**What you are asked to do**
In the entries that follow, the lines from the one with "ストライプブラウス レディースサマー薄手ルーズニットセーター Vネックショートトップス" through the one with "Тесто достаем из" are the ones to write out, exactly and with both ends included. Nothing else should appear.

**Data for this exercise**

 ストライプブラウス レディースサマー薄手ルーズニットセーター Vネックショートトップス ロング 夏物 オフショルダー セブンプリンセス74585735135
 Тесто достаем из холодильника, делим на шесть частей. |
--
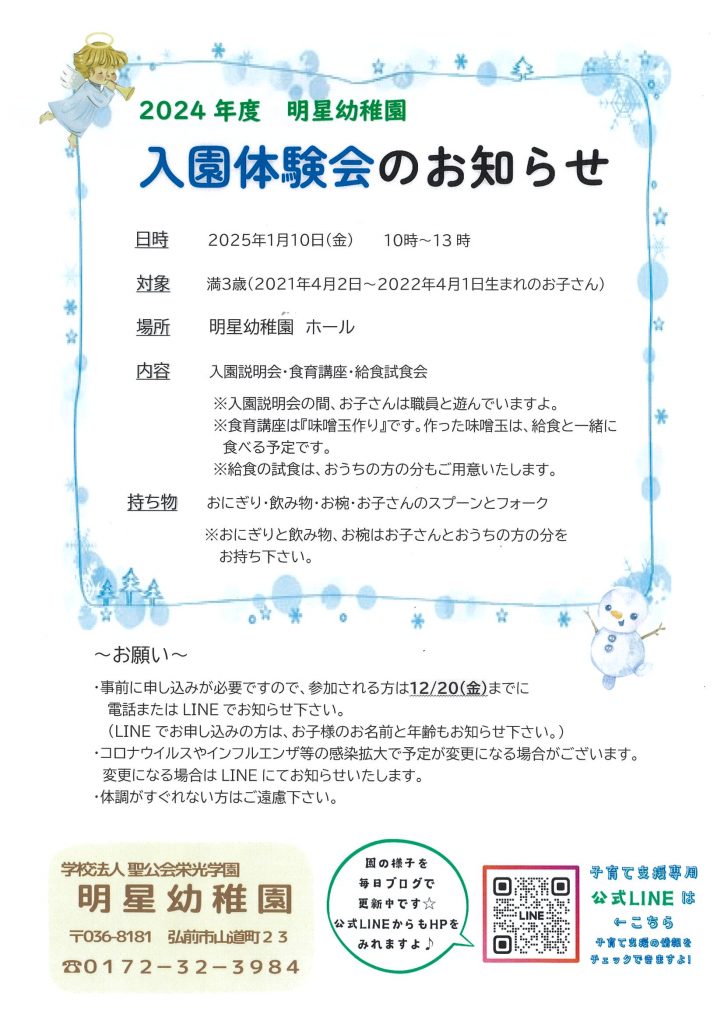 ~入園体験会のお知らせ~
...
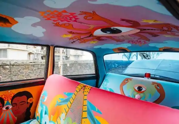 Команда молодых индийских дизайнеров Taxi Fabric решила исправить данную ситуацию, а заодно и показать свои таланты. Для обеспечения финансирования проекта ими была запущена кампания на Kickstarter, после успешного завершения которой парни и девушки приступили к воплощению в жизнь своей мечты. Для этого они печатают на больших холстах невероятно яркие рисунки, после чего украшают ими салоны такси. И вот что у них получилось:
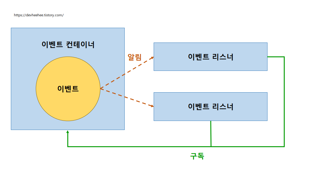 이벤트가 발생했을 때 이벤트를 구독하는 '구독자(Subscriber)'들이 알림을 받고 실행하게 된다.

**Exercise response**
 ストライプブラウス レディースサマー薄手ルーズニットセーター Vネックショートトップス ロング 夏物 オフショルダー セブンプリンセス74585735135
 Тесто достаем из холодильника, делим на шесть частей. |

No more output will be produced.